Problem requirements
From the line that contains "8. Boot Volume으로 새 컴퓨트 인스턴스 생성하기" through the closing line of the entries, write out each line exactly; pictures stay out.

Data supplied
____
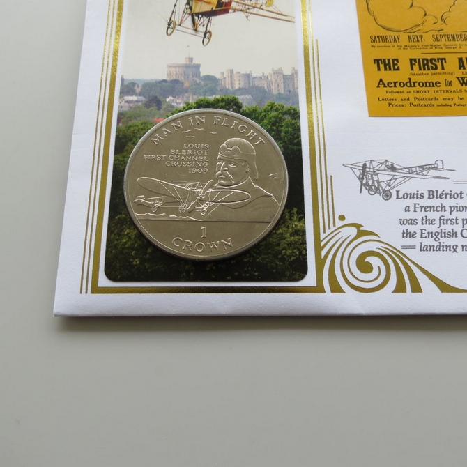 This 2011 First UK Aerial Post Centenary 1 Crown coin cover is issued by Benham as UK PNC First Day Covers. FDC hand signed by Barbara Dickson. It hosts a brilliant uncirculated one crown coin by the Isle of Man and Royal Mail stamps. Postmark cancelled dated 9 September 2011.
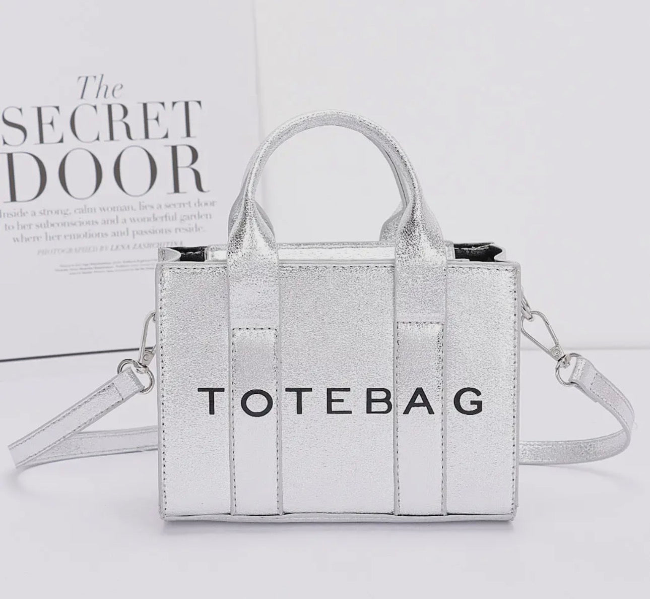 Make a bold fashion statement and carry your daily essentials in this sleek and modern metallic tote bag! Long strap included. Perfect for special occasions or just to amp up your daily wear!
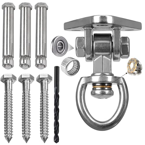 CNCYEAH Crochet de plafond pour fauteuil suspendu - Charge lourde - 450 kg - Support de plafond rotatif à 360 ° - En acier inoxydable 304 - Avec vis pour fauteuil suspendu, balançoire, serviette de
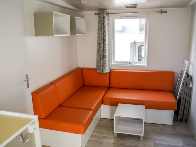 4-pokojová mobilní dům 37 m2. Obývací pokoj s 1× pohovka pro 2 osoby a jídelní stůl. 2× pokoj, v kazdem pokoji s 1× dvoulůžko. 1× pokoj s 2× lůžko. Kuchyně (4 plotýnky, mikrovlnka, mraznička). Sprcha, WC zvlášť. Terasa. Zahradní nábytek. K dispozici: Internet (Wireless LAN [WLAN], zdarma). Maximálně 1 domácí zvíře (pes) povoleno.
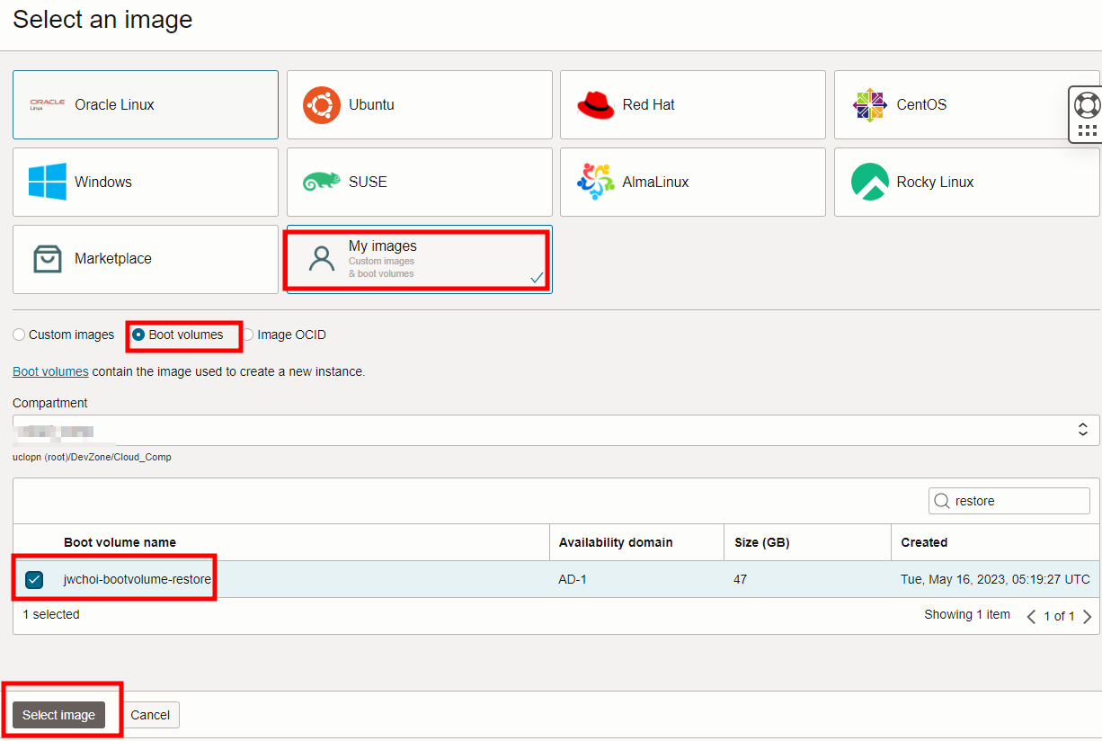 8. Boot Volume으로 새 컴퓨트 인스턴스 생성하기
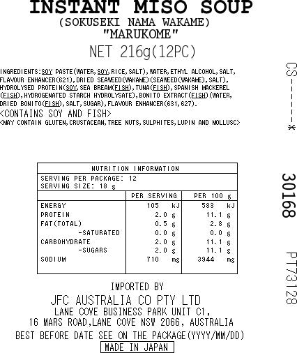 INGREDIENTS:SOYBEAN PASTE(WATER,SOYBEANS,RICE,SALT),WATER,ETHYL ALCOHOL,SALT,FLAVOURENHANCER(621,631,627),SEAWEED,HYDROLYSEDPROTEIN(SOYBEANS,SEA BREAM,TUNA,SPANISHMACKEREL),BONITO EXTRACT(DRIED BONITOSHAVINGS,SUGAR).
____
Result below
 8. Boot Volume으로 새 컴퓨트 인스턴스 생성하기
 INGREDIENTS:SOYBEAN PASTE(WATER,SOYBEANS,RICE,SALT),WATER,ETHYL ALCOHOL,SALT,FLAVOURENHANCER(621,631,627),SEAWEED,HYDROLYSEDPROTEIN(SOYBEANS,SEA BREAM,TUNA,SPANISHMACKEREL),BONITO EXTRACT(DRIED BONITOSHAVINGS,SUGAR).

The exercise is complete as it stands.